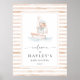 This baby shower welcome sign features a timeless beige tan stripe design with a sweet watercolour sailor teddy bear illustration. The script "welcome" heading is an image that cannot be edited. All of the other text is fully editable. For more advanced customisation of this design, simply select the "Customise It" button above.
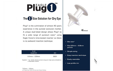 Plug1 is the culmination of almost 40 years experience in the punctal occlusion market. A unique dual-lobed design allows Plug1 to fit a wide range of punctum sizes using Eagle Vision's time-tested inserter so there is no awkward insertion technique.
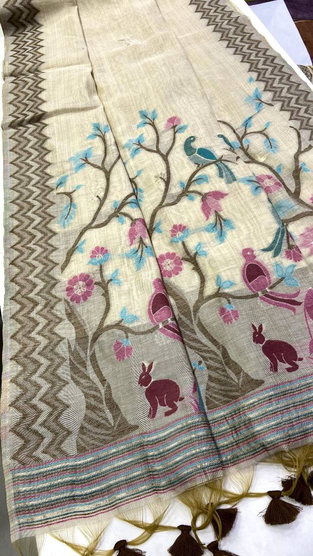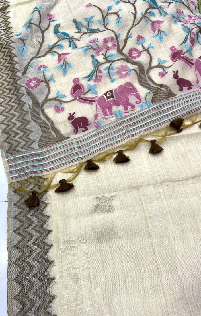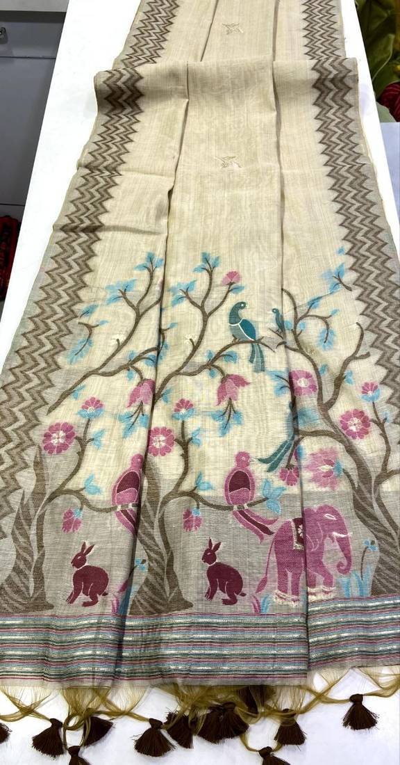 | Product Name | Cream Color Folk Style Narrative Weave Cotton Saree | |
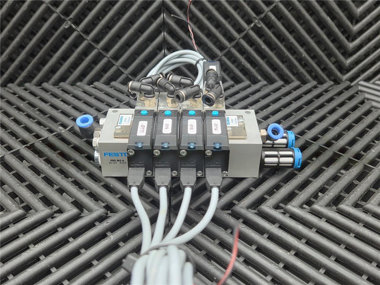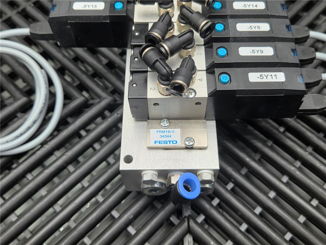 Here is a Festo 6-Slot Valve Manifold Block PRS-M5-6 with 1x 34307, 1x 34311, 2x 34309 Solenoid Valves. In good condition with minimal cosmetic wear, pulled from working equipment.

====

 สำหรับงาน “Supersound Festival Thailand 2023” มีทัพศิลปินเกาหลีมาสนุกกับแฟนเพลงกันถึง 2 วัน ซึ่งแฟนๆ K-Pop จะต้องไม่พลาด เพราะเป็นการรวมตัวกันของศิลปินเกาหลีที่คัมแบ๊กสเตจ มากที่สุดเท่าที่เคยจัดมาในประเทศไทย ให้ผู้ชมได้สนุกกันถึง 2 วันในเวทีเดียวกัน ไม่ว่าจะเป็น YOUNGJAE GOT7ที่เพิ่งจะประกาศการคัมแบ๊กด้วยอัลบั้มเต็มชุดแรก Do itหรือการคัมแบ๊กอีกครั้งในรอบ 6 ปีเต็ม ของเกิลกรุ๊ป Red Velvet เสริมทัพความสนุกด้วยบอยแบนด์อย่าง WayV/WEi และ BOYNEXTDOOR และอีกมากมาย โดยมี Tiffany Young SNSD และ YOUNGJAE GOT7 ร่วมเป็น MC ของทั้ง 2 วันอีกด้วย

====

PROBLEM TO SOLVE = Repeat exactly the lines above, beginning at the one containing "This baby shower" and ending at the one containing "Here is a Festo". Do not carry over any pictures.

ANSWER AREA =
 This baby shower welcome sign features a timeless beige tan stripe design with a sweet watercolour sailor teddy bear illustration. The script "welcome" heading is an image that cannot be edited. All of the other text is fully editable. For more advanced customisation of this design, simply select the "Customise It" button above.
 Plug1 is the culmination of almost 40 years experience in the punctal occlusion market. A unique dual-lobed design allows Plug1 to fit a wide range of punctum sizes using Eagle Vision's time-tested inserter so there is no awkward insertion technique.
 | Product Name | Cream Color Folk Style Narrative Weave Cotton Saree | |
 Here is a Festo 6-Slot Valve Manifold Block PRS-M5-6 with 1x 34307, 1x 34311, 2x 34309 Solenoid Valves. In good condition with minimal cosmetic wear, pulled from working equipment.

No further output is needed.